Paul Flynn, the former Canadian Imperial Bank of Commerce official who was arrested two years ago and charged with five felonies, is free of the legal entanglement which developed at his former job as a managing director at Canadian Imperial Bank of Commerce.
The SEC’s enforcement division, which has three weeks to appeal the ruling to the five-member commission, was seeking to have Flynn fined up to $2 million and banned from the securities industry. The division said in its February 2004 lawsuit that from 2001 to 2003 Flynn “knew or was reckless in not knowing” that the hedge funds, Canary Capital Partners LLC and Samaritan Asset Management were engaging in the improper trades.
But Judge Robert G. Mahony, who presided over a trial in March, ruled that Flynn was not aware that any actions he took helped the hedge funds make improper trades. He ruled that Security Trust, a Phoenix-based retirement plan, and also the two hedge funds, had broken security rules with their trading strategies.
Last November, state Attorney General Eliot Spitzer requested and got the dismissal of five felony counts he had lodged against Flynn.

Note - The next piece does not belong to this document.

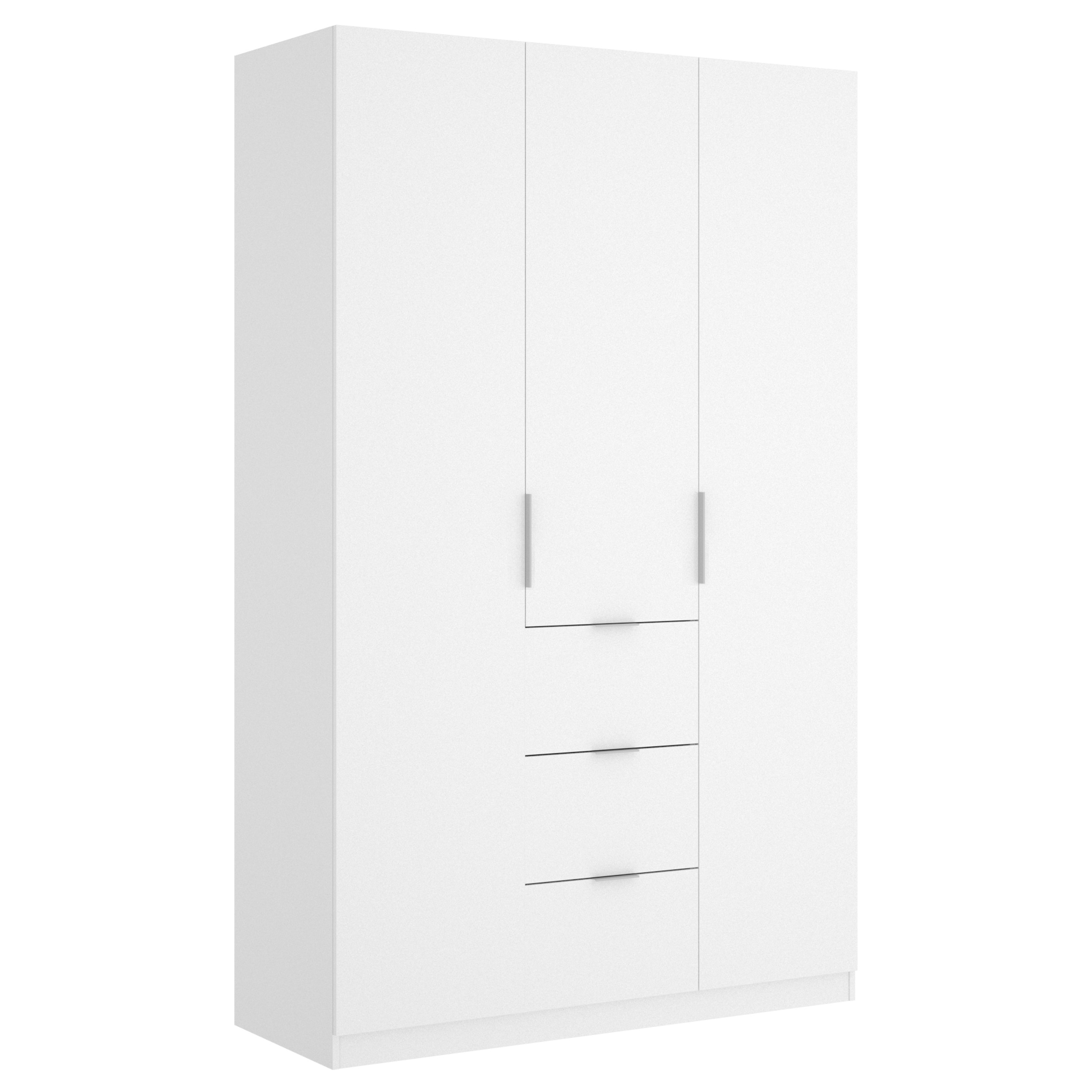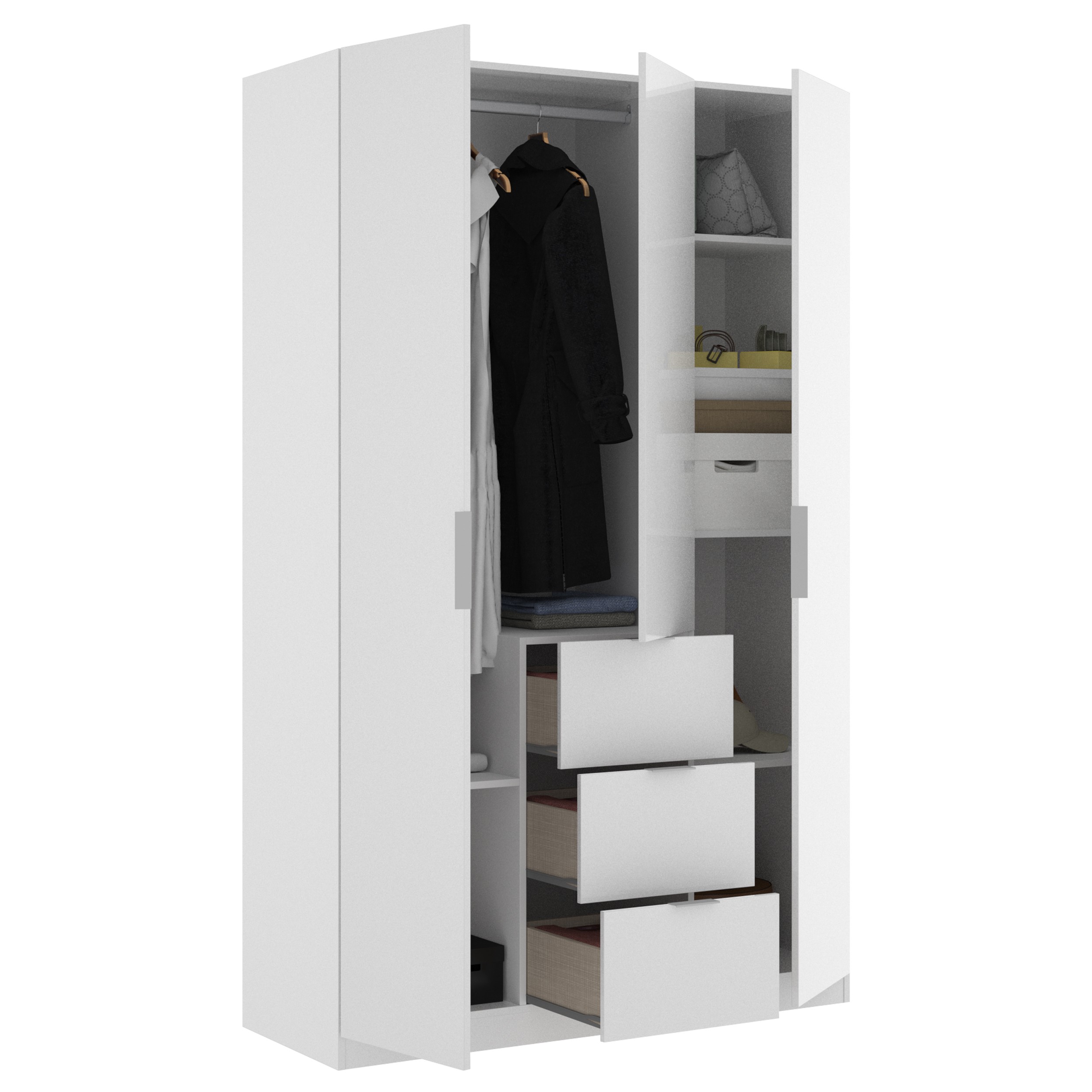 Armario de 3 puertas abatibles y 3 cajones grandes exteriores. Incluye una barra para colgar y cuatro estantes pequeños.
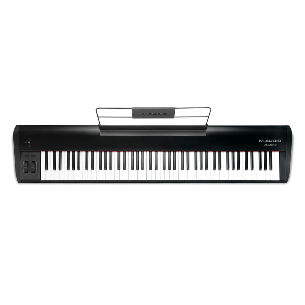 Introducing the M-Audio Hammer 88 USB MIDI KeyboardIdeal for beginners or students, this keyboard is great for someone who is looking for a realistic grand piano feel to use with virtual instruments or sound modules. The 88 velocity-sensitive keys are fully-weighted and hammer-action that are guaranteed to faithfully capture every subtle nuance of your performance.With the classic feel of a grand piano fused with the sonic capabilities of virtual instruments this keyboard will provide you with the unmatched response. It's the perfect combination for performers and producers to experience their plugin collection like never before.Features for expressive playingThanks to a core range of controls your performance will be enhanced and your expression will be put centre-stage. Portamento and glissando effects can be added with the unity-locking pitch wheel and a separate modulation wheel. There are other features such as the master volume fader so the intensity of your performance can be controlled instantly or MIDI mapped to any parameter in your DAW or virtual instrument collection for expanded, hands-on control.If you wanted to take things further, you can also add some pedal-based performance articulation using the three dedicated inputs for sustain, expression and soft.Make the most out of your external sound generatorsDon't limit yourself to your computer-based virtual instruments. You can use it's conveniently located 5-pin MIDI output, you can send all MIDI information to any compatible peripheral device, including hardware synthesisers, sound modules and drum machines.With the Hammer 88 it is easy to get the most out of your playing and gives you complete control when it comes to music production and performance.A USB MIDI controller built for playing virtual instruments, controlling recording software and more, 88 fully-weighted, hammer-action keys, Pitch bend, modulation, volume and ± controls for expressive performances, Multiple keyboard zones for layering, splits and 4-note chords with a single key press, 5-pin MIDI output and three dedicated inputs for sustain, expression and soft, Includes music rest, Hammer 88 controller editor and premium software suite

A criminal conviction could have resulted in Flynn, a Canadian citizen, being deported from the United States.
“We are very pleased with the SEC’s decision not to appeal,” he said. “It finally puts an end to Paul’s long nightmare.”
Flynn “is now eager to get back to life as normal, along with his wife and children,” Piper Hall, spokeswoman at Flynn’s Washington-based law firm, Dickstein Shapiro, said in an e-mail.